Unequal treatment of a state's residents under the 14th Amendment right to domestic travel only occurs when a law expressly differentiates between residents based on their length or timing of residency.
Absent a violation of the right to travel, the equal protection claim should be assessed under rational basis review.
State's offender registration law is insufficiently punitive to base an ex post facto claim upon it; the stated purpose of the legislature was civil and regulatory.

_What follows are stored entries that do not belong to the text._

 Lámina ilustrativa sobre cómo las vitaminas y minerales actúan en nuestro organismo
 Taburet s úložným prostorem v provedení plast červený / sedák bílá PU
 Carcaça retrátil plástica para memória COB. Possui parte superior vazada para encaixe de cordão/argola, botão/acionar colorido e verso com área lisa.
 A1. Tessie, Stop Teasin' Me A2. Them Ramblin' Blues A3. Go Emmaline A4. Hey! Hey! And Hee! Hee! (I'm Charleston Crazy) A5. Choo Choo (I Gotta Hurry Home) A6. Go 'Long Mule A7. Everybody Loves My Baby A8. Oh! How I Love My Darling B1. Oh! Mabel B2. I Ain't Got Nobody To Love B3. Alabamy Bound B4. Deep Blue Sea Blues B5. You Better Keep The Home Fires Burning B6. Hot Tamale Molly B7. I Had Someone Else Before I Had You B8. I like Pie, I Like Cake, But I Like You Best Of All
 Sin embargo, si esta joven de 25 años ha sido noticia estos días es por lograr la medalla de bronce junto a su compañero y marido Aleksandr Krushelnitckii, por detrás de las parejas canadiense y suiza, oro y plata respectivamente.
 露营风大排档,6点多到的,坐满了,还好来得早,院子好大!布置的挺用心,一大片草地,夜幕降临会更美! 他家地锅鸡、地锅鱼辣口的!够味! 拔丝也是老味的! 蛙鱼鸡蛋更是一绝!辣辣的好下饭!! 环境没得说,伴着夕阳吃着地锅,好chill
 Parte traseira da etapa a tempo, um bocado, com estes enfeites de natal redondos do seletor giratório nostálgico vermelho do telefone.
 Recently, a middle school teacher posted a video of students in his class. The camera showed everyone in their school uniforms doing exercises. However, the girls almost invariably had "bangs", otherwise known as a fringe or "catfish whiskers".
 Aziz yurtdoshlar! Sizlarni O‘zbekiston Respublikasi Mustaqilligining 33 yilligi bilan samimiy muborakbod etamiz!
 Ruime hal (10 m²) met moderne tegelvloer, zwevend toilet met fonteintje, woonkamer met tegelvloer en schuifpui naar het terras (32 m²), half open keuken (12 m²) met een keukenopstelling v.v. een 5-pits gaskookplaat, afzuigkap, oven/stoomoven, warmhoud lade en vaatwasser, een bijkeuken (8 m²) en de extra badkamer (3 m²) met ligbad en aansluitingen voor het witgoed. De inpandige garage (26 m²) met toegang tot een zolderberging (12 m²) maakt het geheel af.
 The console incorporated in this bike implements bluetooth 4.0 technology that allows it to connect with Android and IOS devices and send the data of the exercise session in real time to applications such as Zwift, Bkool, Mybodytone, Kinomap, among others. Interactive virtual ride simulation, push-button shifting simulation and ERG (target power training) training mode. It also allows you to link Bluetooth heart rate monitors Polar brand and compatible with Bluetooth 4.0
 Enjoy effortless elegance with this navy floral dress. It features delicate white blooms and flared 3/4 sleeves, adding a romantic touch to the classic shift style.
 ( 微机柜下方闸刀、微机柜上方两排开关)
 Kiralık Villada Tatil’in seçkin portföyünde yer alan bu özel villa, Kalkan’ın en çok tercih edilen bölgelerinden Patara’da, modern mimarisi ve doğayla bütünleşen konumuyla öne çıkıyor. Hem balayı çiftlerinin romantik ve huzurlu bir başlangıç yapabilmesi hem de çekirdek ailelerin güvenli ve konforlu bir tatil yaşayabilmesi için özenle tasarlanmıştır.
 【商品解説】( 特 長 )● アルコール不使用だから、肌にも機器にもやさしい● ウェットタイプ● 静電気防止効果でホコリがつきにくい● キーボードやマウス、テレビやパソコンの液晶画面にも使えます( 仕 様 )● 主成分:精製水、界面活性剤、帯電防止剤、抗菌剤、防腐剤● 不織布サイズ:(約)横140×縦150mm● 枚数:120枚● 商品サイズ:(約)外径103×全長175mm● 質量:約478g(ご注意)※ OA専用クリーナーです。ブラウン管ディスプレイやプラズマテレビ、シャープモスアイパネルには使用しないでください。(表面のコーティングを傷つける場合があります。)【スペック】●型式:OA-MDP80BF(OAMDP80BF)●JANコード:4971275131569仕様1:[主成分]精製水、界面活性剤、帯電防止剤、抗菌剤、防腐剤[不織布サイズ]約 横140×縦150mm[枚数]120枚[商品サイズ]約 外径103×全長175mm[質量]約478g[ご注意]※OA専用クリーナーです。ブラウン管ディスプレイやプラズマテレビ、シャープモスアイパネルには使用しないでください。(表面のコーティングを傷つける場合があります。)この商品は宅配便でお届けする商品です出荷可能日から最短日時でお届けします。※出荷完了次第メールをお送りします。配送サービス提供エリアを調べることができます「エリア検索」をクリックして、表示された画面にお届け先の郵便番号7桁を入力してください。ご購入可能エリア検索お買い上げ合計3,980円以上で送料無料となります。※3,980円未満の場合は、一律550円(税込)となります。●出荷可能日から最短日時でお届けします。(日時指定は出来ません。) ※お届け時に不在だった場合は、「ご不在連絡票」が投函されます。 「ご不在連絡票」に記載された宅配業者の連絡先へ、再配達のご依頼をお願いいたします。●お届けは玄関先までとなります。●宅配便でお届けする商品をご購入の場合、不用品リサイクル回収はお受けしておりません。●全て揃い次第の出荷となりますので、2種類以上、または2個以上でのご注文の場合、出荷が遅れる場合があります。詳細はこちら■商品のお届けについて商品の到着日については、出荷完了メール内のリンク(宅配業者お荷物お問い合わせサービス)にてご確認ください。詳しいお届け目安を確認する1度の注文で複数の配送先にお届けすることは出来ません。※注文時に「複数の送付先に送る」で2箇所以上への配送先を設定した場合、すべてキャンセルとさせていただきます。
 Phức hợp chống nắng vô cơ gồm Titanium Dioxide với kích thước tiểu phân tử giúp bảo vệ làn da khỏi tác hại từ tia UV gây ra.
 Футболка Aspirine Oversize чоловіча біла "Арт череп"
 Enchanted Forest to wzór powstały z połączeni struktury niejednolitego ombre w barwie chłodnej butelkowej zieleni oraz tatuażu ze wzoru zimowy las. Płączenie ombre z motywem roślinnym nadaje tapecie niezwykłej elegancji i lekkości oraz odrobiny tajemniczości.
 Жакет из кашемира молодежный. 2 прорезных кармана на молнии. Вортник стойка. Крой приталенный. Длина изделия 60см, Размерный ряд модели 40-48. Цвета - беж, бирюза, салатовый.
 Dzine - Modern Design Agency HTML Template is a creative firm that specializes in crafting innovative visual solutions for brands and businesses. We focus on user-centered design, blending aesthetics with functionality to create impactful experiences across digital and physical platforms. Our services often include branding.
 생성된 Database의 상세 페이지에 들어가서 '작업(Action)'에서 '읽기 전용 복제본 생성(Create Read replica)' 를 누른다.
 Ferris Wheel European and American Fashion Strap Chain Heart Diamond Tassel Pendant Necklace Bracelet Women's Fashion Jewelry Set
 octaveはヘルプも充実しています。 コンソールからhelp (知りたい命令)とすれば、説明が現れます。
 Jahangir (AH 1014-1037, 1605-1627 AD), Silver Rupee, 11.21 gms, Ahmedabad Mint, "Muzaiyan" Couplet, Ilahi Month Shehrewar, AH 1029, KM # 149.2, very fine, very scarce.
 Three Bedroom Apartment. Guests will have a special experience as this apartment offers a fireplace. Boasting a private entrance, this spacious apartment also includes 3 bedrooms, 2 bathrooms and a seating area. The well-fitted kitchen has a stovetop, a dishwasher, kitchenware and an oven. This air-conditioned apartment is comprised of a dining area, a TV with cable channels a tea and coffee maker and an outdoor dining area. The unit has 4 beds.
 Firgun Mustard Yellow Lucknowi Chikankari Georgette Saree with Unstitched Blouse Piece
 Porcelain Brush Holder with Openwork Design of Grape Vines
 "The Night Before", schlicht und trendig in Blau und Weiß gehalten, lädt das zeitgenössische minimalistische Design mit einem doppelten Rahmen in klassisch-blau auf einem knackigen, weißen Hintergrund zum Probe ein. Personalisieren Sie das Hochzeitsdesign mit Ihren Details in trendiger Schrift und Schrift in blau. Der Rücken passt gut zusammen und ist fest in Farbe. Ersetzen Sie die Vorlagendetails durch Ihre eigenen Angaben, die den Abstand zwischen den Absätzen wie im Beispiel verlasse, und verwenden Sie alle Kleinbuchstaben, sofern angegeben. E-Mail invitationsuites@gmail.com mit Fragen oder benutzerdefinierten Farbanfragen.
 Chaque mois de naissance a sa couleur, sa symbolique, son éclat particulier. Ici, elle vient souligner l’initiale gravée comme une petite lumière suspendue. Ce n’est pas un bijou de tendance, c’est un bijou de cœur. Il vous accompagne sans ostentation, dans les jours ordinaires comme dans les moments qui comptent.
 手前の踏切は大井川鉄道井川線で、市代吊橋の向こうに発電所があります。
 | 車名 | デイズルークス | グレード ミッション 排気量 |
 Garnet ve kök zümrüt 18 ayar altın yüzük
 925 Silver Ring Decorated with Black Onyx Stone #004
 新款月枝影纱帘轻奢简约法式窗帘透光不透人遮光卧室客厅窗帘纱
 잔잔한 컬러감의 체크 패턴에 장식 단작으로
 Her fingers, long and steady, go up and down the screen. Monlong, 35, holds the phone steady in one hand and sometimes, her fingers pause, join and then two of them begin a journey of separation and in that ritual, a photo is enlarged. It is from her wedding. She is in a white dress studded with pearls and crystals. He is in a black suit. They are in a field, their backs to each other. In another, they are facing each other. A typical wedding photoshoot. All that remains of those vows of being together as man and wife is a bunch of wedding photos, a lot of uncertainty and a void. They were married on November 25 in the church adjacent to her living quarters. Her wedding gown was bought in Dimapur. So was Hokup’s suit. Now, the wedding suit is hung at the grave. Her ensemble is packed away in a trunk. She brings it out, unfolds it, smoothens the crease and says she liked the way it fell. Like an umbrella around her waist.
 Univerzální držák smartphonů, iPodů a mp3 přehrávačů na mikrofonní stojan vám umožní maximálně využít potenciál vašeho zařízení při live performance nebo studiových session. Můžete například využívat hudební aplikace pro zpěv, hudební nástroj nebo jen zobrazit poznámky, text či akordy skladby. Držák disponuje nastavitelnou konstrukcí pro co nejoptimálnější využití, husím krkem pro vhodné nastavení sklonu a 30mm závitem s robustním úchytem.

In practice, it's sufficiently different from parole, as the status can't be revoked; its restraints and disabilities aren't sufficiently severe to make the law punitive; residency restrictions do not serve punitive aims, and there is sufficient connection to nonpunitive purposes; and the law is not excessive in relation to its aims.
CONCURRENCE:
The registration law is permissibly retroactive; it imposes obligations beyond those prescribed at the time of the offense.
CONCURRENCE/DISSENT:
Requiring registration of residents who are subject to registration in their prior state of residence puts those residents on unequal terms with residents of their present state who are shielded from registration requirments by a decision of the state's supreme court holding the registration requirment to be sufficiently punitive to trigger ex post facto scrutiny.
A resident of the instant state who then travelled to another state where they were subject to registration requirements would then have to register in the instant state upon their return, burdening the travel right.